Information provided –
------------------------
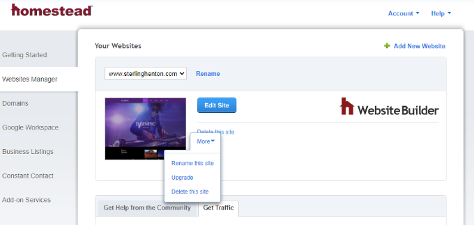 - Click on Websites Manager.(If you have multiple sites, select the one you wish to archive from the drop-down)
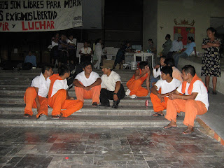 Two years ago, members of the prisoners organization “La Voz del Amate” in el Amate prison began a plantón within the prison. They camped out day and night on the prison grounds in a vocal protest of their unjust imprisonment, petitioned the state government for their release, and organized outside support through their families and activists who visited them in prison. Through their various organizational affiliations and outside support, they organized across four different prisons, including the Carcel Publica Municipal in Tacotalpa, Tabasco, where two Zapatistas are imprisoned. On February 12, 2008, Zacario Hernandez Hernandez, a member of La Voz del Amate, stepped up the protest and declared a hunger strike to demand their freedom. This sparked an escalation in the prisoners' tactics, and in the following weeks dozens more prisoners in the four jails joined the huger strike and plantónes. At its peak, 37 prisoners participated in the hunger strike with twelve more joining the plantón who couldn't hunger strike for health reasons. Many other prisoners supported the plantónistas and protected them from the prison guards.
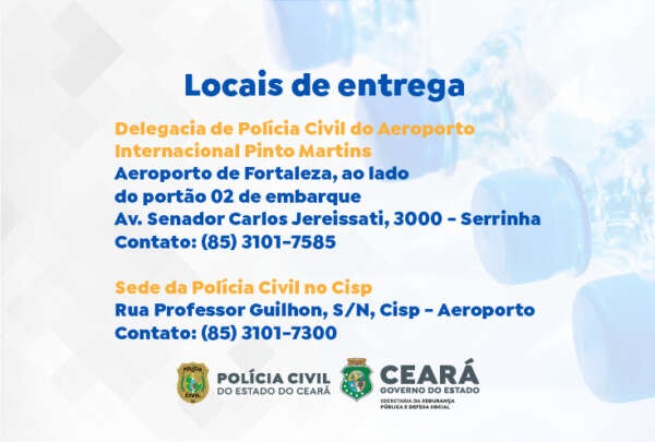 A contribuição da água arrecadada no primeiro dia da ação conta com a solidariedade e o apoio da população cearense, de policiais civis, colaboradores da PCCE e empresas que estão doando água mineral. A campanha visa arrecadar garrafas ou garrafões de qualquer tamanho com embalagem devidamente lacrada. As doações estão sendo recebidas até o dia 17 de maio, das 9 às 17 horas, em dois pontos de entrega: a Delegacia de Polícia Civil do Aeroporto Internacional Pinto Martins e a sede da Polícia Civil no Centro Integrado de Segurança Pública (Cisp), em Fortaleza.
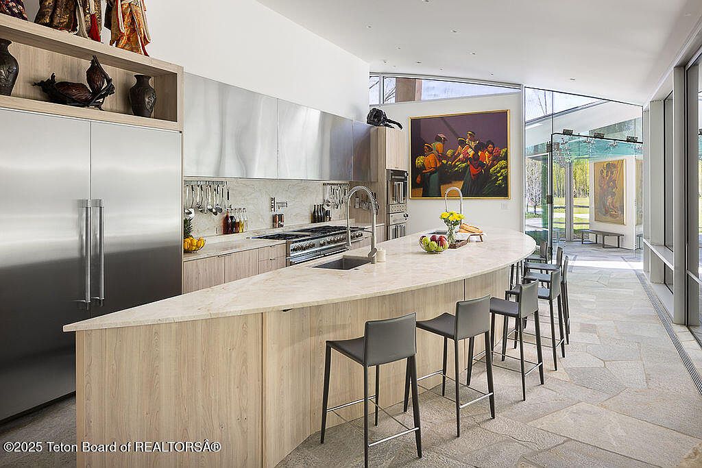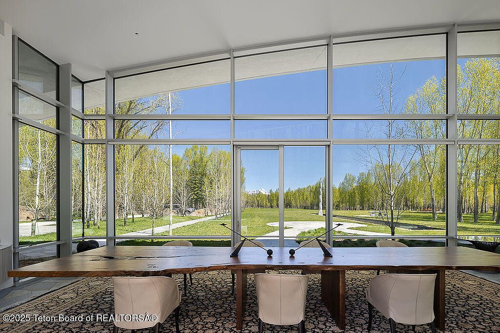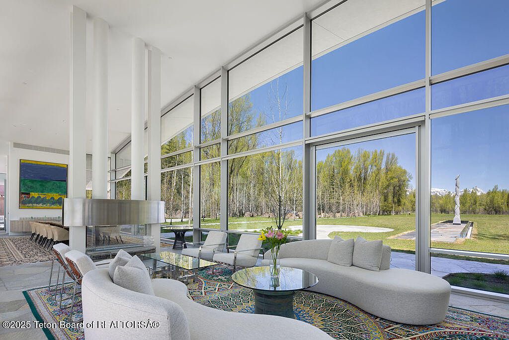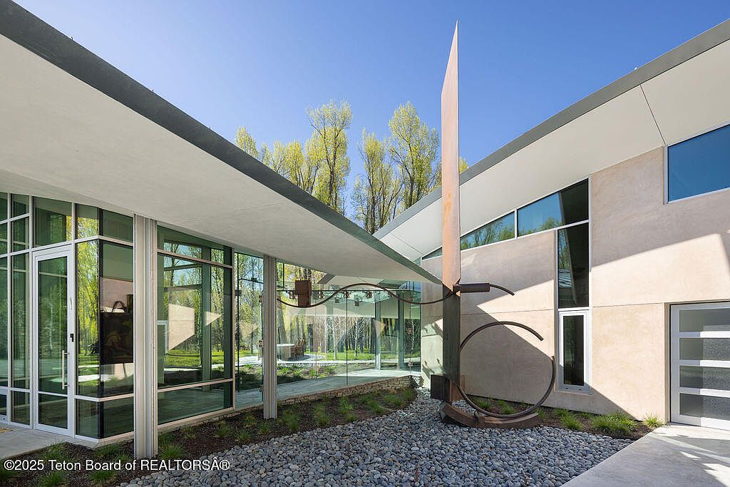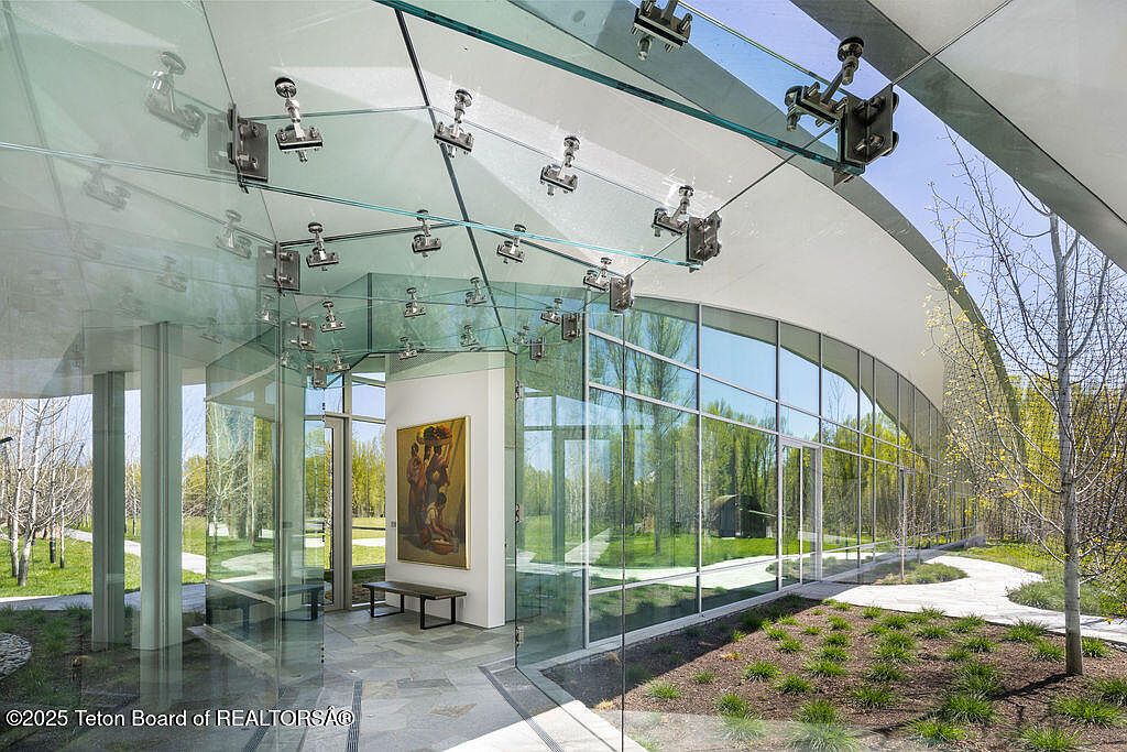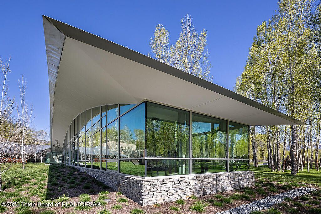 This exquisite home, completed in 2023 and designed by acclaimed architect Wallace Cunningham, embodies modern success with its integration of luxurious living and nature in Wilson, WY. Valued at $60 million, it boasts expansive Teton views and exclusive Snake River frontage, establishing its prestigious status. The architectural style features a sweeping sculptural roof and vast glass elements that meld interiors with the surrounding landscape. With five en-suite guest rooms, a professional-grade kitchen, and an innovative glass corridor, it supports both private retreat and entertaining. Recent renovations ensured sophisticated touches throughout, while its prime location grants access to trails, world-class skiing, and a historical lodge, enhancing the allure for forward-thinking individuals.
------------------------
About this task –
Each line of the data should be printed again exactly. Please leave pictures out.

Response box –
 - Click on Websites Manager.(If you have multiple sites, select the one you wish to archive from the drop-down)
 Two years ago, members of the prisoners organization “La Voz del Amate” in el Amate prison began a plantón within the prison. They camped out day and night on the prison grounds in a vocal protest of their unjust imprisonment, petitioned the state government for their release, and organized outside support through their families and activists who visited them in prison. Through their various organizational affiliations and outside support, they organized across four different prisons, including the Carcel Publica Municipal in Tacotalpa, Tabasco, where two Zapatistas are imprisoned. On February 12, 2008, Zacario Hernandez Hernandez, a member of La Voz del Amate, stepped up the protest and declared a hunger strike to demand their freedom. This sparked an escalation in the prisoners' tactics, and in the following weeks dozens more prisoners in the four jails joined the huger strike and plantónes. At its peak, 37 prisoners participated in the hunger strike with twelve more joining the plantón who couldn't hunger strike for health reasons. Many other prisoners supported the plantónistas and protected them from the prison guards.
 A contribuição da água arrecadada no primeiro dia da ação conta com a solidariedade e o apoio da população cearense, de policiais civis, colaboradores da PCCE e empresas que estão doando água mineral. A campanha visa arrecadar garrafas ou garrafões de qualquer tamanho com embalagem devidamente lacrada. As doações estão sendo recebidas até o dia 17 de maio, das 9 às 17 horas, em dois pontos de entrega: a Delegacia de Polícia Civil do Aeroporto Internacional Pinto Martins e a sede da Polícia Civil no Centro Integrado de Segurança Pública (Cisp), em Fortaleza.
 This exquisite home, completed in 2023 and designed by acclaimed architect Wallace Cunningham, embodies modern success with its integration of luxurious living and nature in Wilson, WY. Valued at $60 million, it boasts expansive Teton views and exclusive Snake River frontage, establishing its prestigious status. The architectural style features a sweeping sculptural roof and vast glass elements that meld interiors with the surrounding landscape. With five en-suite guest rooms, a professional-grade kitchen, and an innovative glass corridor, it supports both private retreat and entertaining. Recent renovations ensured sophisticated touches throughout, while its prime location grants access to trails, world-class skiing, and a historical lodge, enhancing the allure for forward-thinking individuals.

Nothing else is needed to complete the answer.